- **Exercise data**
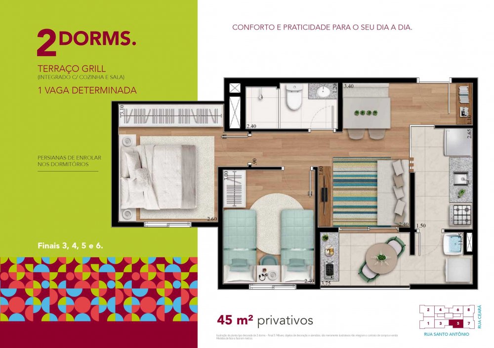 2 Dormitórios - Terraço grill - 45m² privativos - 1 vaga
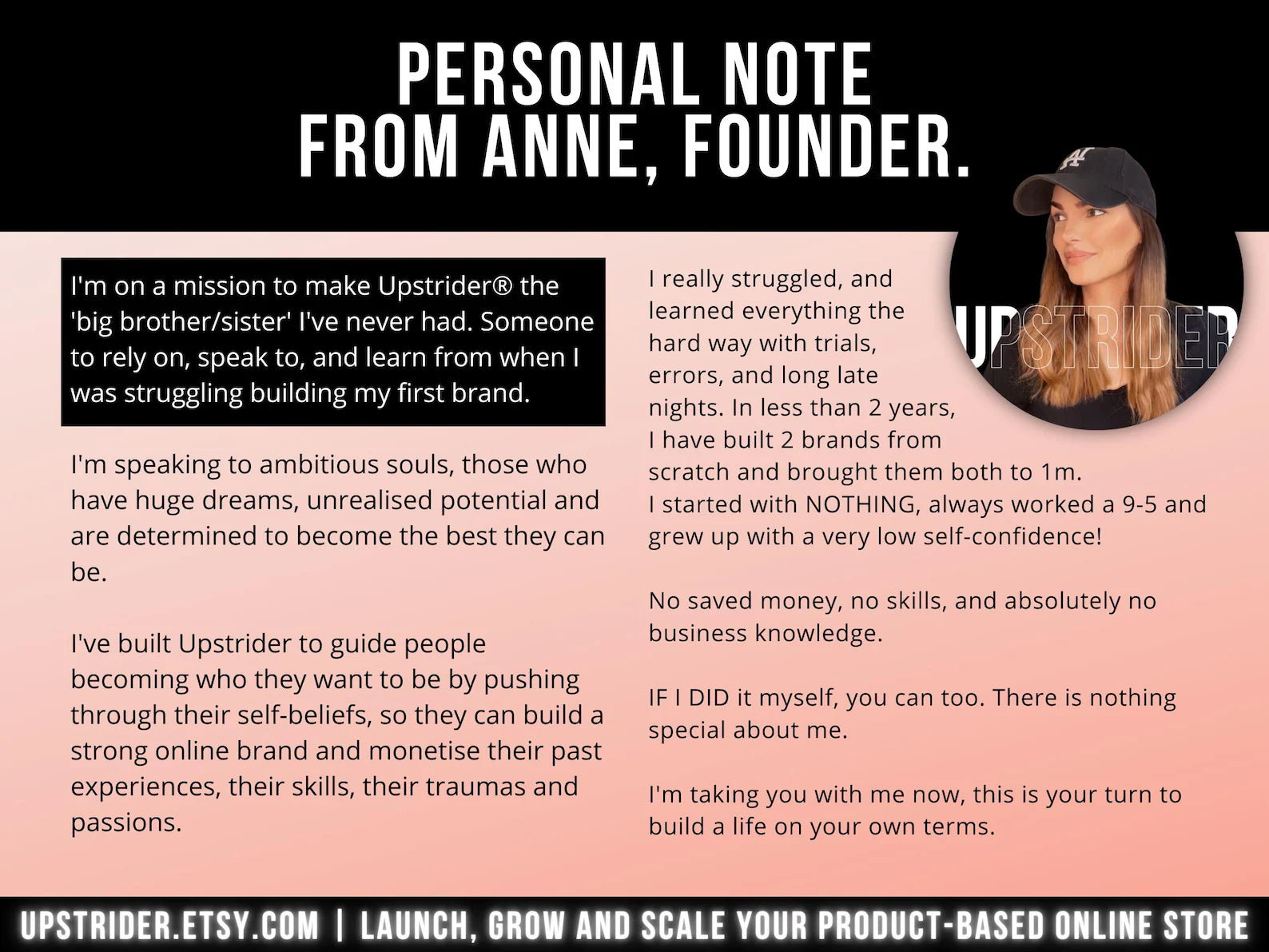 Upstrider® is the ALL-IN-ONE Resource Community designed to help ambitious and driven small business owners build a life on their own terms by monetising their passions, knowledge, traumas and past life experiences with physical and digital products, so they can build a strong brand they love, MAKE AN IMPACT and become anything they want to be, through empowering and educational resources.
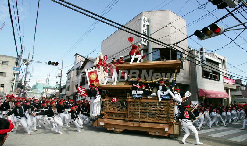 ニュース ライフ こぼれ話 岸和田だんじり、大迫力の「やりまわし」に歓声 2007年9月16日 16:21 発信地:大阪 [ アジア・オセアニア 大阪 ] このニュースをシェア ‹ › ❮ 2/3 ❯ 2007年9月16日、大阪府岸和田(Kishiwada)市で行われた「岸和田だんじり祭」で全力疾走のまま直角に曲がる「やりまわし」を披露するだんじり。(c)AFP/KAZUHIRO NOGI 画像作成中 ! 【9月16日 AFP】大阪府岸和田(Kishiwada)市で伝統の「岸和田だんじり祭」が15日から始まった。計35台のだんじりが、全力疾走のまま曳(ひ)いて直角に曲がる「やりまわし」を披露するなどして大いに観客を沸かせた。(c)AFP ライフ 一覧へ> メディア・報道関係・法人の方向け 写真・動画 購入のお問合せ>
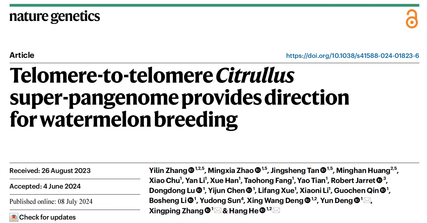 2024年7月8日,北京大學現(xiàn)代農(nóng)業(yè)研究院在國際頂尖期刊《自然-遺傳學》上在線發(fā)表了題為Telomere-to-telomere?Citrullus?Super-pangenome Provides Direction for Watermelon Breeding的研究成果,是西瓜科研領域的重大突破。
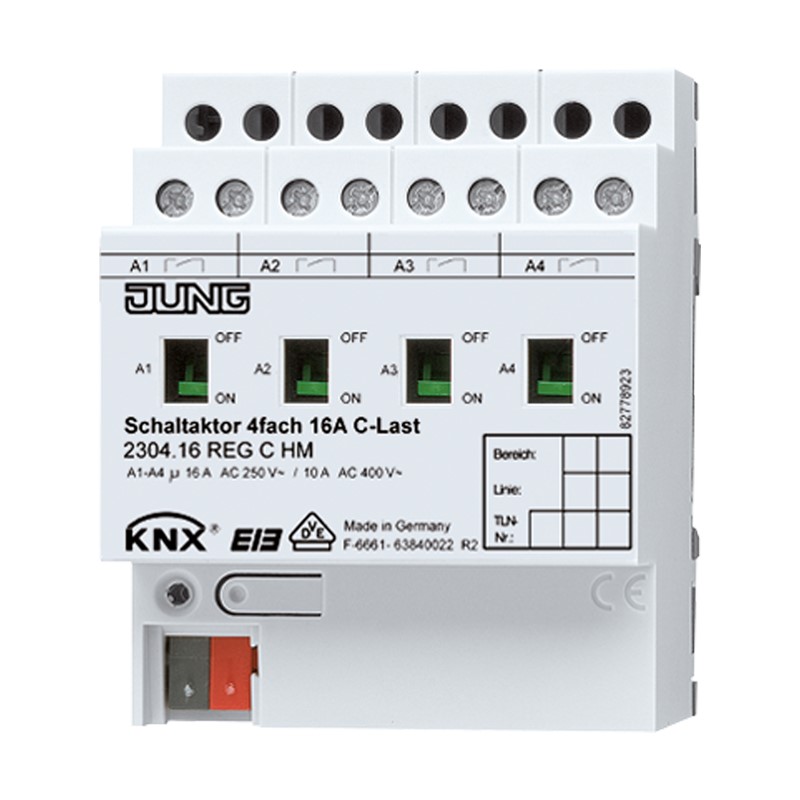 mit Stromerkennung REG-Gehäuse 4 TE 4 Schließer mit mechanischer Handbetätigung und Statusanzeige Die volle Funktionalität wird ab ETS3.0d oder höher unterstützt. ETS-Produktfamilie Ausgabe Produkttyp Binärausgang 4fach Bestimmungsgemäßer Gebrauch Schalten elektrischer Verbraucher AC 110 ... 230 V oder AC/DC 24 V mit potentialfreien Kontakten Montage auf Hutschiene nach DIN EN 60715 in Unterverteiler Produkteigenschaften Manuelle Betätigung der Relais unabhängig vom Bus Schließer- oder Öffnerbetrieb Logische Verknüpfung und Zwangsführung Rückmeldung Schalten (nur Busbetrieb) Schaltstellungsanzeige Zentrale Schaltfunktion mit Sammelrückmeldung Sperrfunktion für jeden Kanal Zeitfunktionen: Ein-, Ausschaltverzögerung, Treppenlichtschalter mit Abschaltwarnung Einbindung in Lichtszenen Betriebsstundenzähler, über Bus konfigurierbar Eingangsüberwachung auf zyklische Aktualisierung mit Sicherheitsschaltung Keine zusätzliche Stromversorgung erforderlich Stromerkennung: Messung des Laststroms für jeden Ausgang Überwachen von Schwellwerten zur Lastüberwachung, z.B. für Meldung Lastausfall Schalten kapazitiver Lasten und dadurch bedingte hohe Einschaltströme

- **Task**
Please write out exactly, and only, the lines from the beginning of the entries through the line containing "for Watermelon Breeding的研究成果,是西瓜科研領域的重大突破。", including both and skipping all pictures.

- **Answer for this exercise**
 2 Dormitórios - Terraço grill - 45m² privativos - 1 vaga
 Upstrider® is the ALL-IN-ONE Resource Community designed to help ambitious and driven small business owners build a life on their own terms by monetising their passions, knowledge, traumas and past life experiences with physical and digital products, so they can build a strong brand they love, MAKE AN IMPACT and become anything they want to be, through empowering and educational resources.
 ニュース ライフ こぼれ話 岸和田だんじり、大迫力の「やりまわし」に歓声 2007年9月16日 16:21 発信地:大阪 [ アジア・オセアニア 大阪 ] このニュースをシェア ‹ › ❮ 2/3 ❯ 2007年9月16日、大阪府岸和田(Kishiwada)市で行われた「岸和田だんじり祭」で全力疾走のまま直角に曲がる「やりまわし」を披露するだんじり。(c)AFP/KAZUHIRO NOGI 画像作成中 ! 【9月16日 AFP】大阪府岸和田(Kishiwada)市で伝統の「岸和田だんじり祭」が15日から始まった。計35台のだんじりが、全力疾走のまま曳(ひ)いて直角に曲がる「やりまわし」を披露するなどして大いに観客を沸かせた。(c)AFP ライフ 一覧へ> メディア・報道関係・法人の方向け 写真・動画 購入のお問合せ>
 2024年7月8日,北京大學現(xiàn)代農(nóng)業(yè)研究院在國際頂尖期刊《自然-遺傳學》上在線發(fā)表了題為Telomere-to-telomere?Citrullus?Super-pangenome Provides Direction for Watermelon Breeding的研究成果,是西瓜科研領域的重大突破。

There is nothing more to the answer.